Each entry below is to be given again word for word, with no pictures.

********************

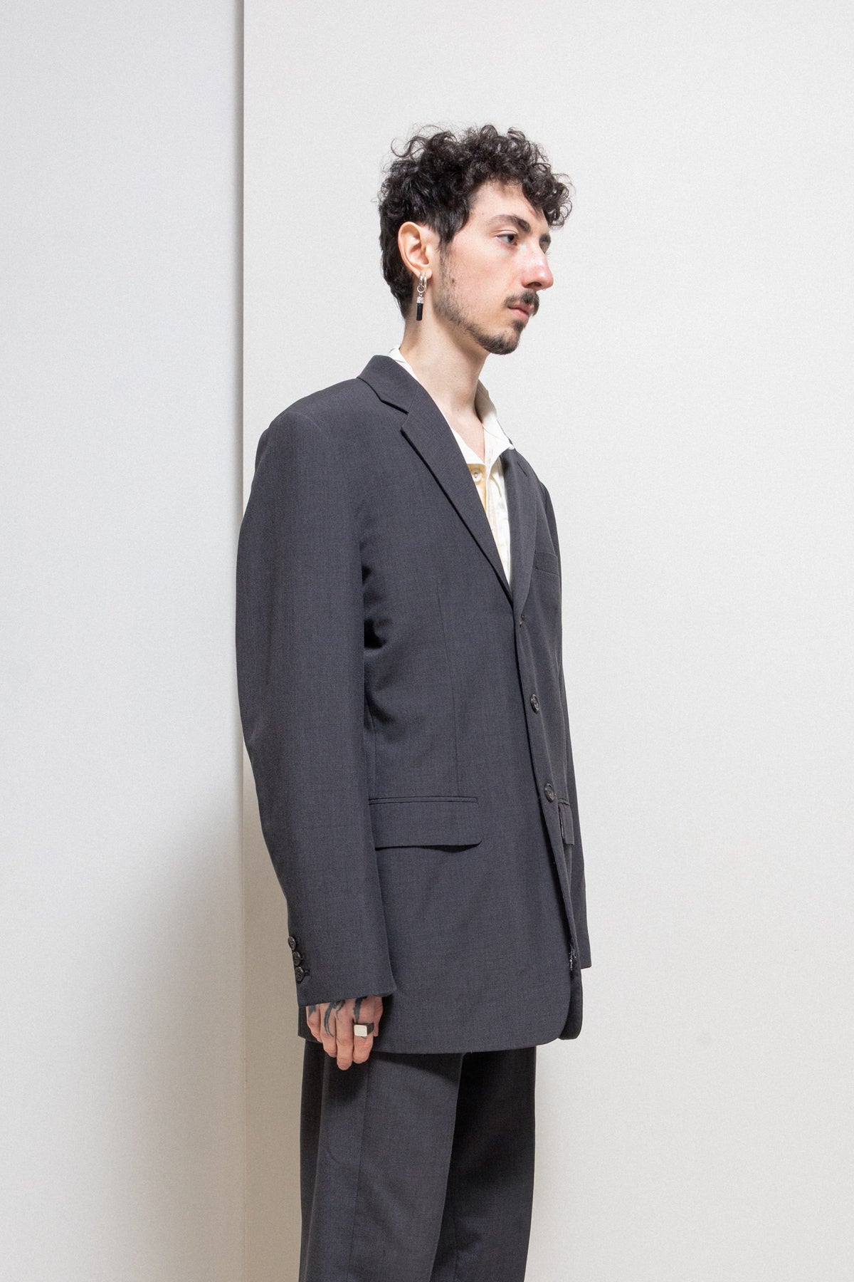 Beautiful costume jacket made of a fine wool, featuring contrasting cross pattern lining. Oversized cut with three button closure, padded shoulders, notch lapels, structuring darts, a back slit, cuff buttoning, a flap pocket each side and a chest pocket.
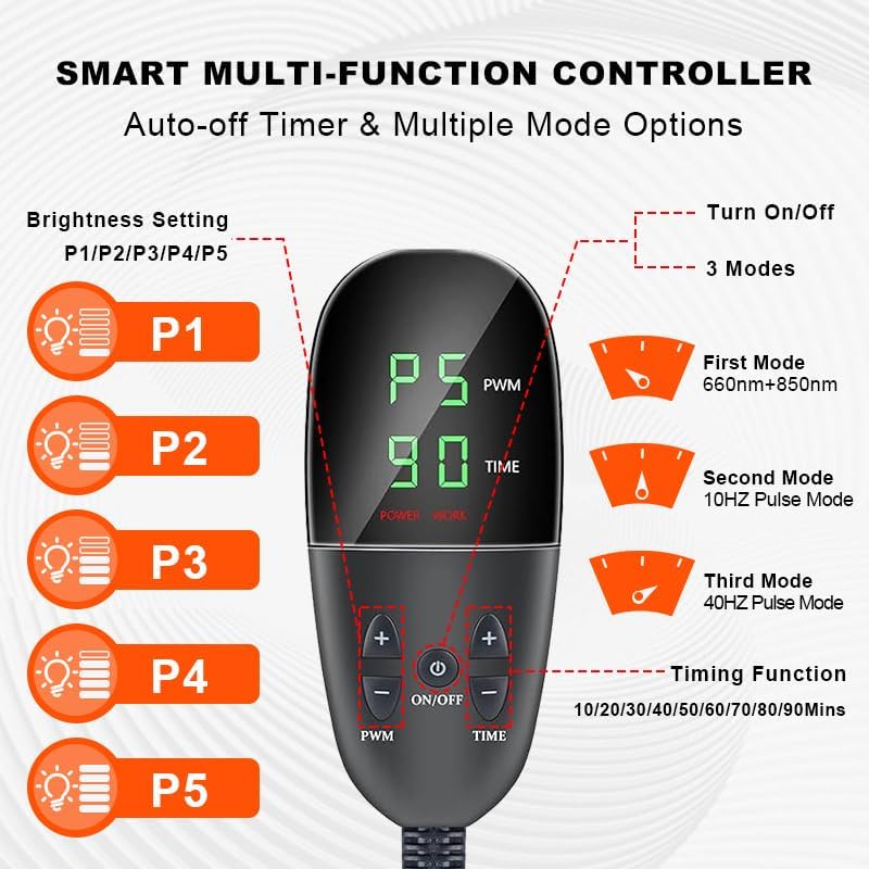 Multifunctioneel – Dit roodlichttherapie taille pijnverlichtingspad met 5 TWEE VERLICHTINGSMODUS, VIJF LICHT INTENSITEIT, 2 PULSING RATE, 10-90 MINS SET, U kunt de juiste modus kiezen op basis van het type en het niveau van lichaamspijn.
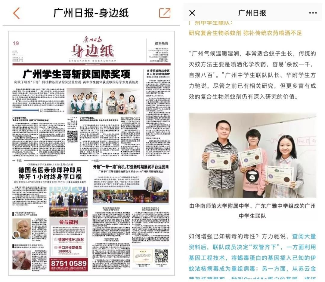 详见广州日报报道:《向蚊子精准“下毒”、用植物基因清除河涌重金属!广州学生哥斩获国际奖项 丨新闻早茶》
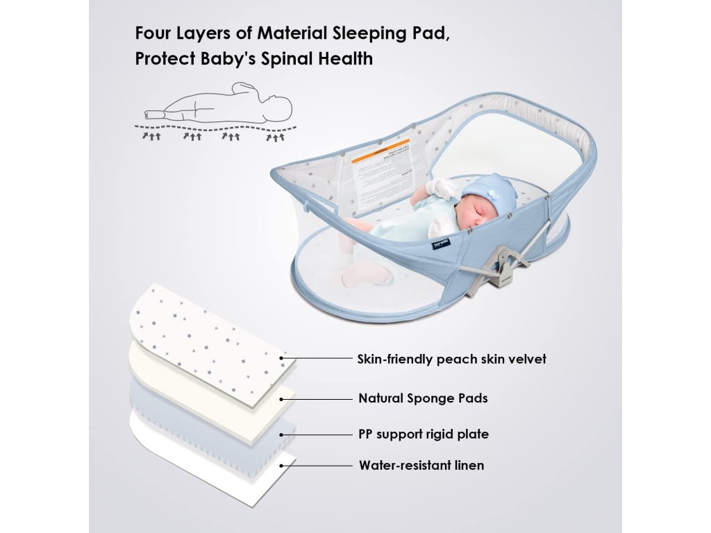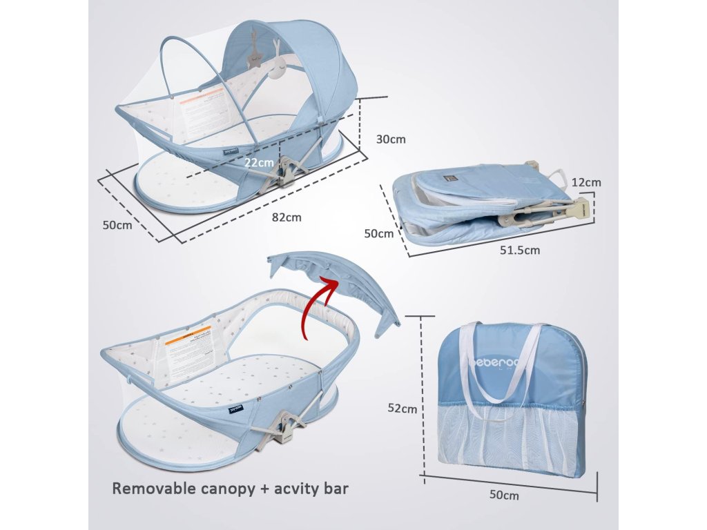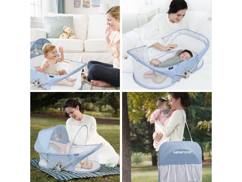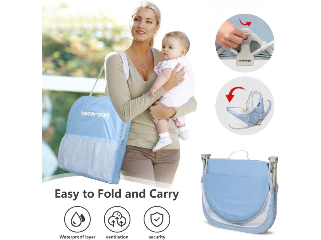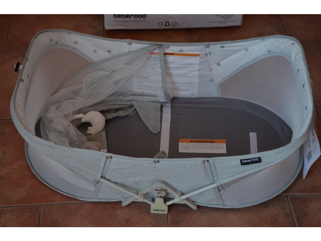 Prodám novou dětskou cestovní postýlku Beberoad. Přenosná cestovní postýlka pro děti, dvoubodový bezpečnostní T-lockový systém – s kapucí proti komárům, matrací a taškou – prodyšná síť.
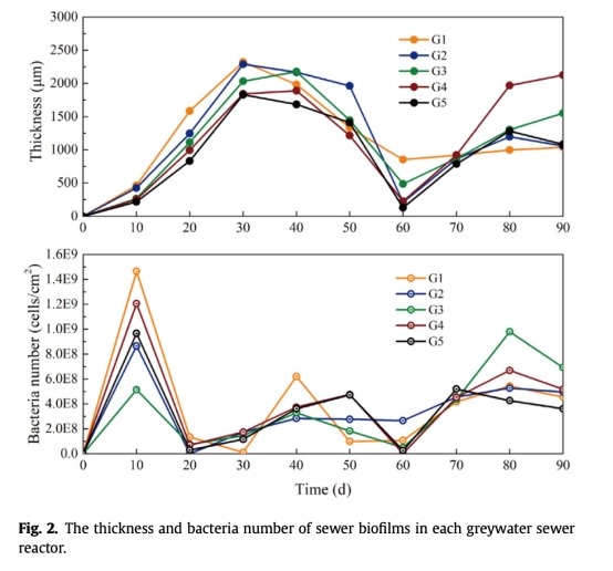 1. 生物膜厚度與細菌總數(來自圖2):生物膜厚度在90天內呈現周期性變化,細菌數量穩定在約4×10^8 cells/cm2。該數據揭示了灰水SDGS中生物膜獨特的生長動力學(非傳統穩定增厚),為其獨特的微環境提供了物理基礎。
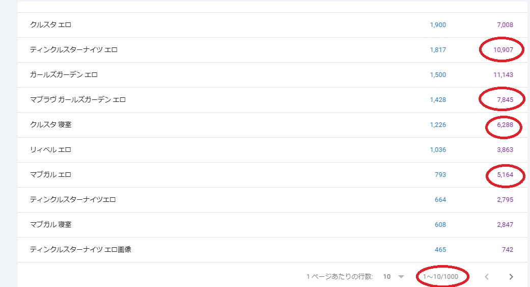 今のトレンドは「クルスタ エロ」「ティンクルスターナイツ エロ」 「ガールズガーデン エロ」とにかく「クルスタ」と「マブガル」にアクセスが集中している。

********************

Solution to this task:
 Beautiful costume jacket made of a fine wool, featuring contrasting cross pattern lining. Oversized cut with three button closure, padded shoulders, notch lapels, structuring darts, a back slit, cuff buttoning, a flap pocket each side and a chest pocket.
 Multifunctioneel – Dit roodlichttherapie taille pijnverlichtingspad met 5 TWEE VERLICHTINGSMODUS, VIJF LICHT INTENSITEIT, 2 PULSING RATE, 10-90 MINS SET, U kunt de juiste modus kiezen op basis van het type en het niveau van lichaamspijn.
 详见广州日报报道:《向蚊子精准“下毒”、用植物基因清除河涌重金属!广州学生哥斩获国际奖项 丨新闻早茶》
 Prodám novou dětskou cestovní postýlku Beberoad. Přenosná cestovní postýlka pro děti, dvoubodový bezpečnostní T-lockový systém – s kapucí proti komárům, matrací a taškou – prodyšná síť.
 1. 生物膜厚度與細菌總數(來自圖2):生物膜厚度在90天內呈現周期性變化,細菌數量穩定在約4×10^8 cells/cm2。該數據揭示了灰水SDGS中生物膜獨特的生長動力學(非傳統穩定增厚),為其獨特的微環境提供了物理基礎。
 今のトレンドは「クルスタ エロ」「ティンクルスターナイツ エロ」 「ガールズガーデン エロ」とにかく「クルスタ」と「マブガル」にアクセスが集中している。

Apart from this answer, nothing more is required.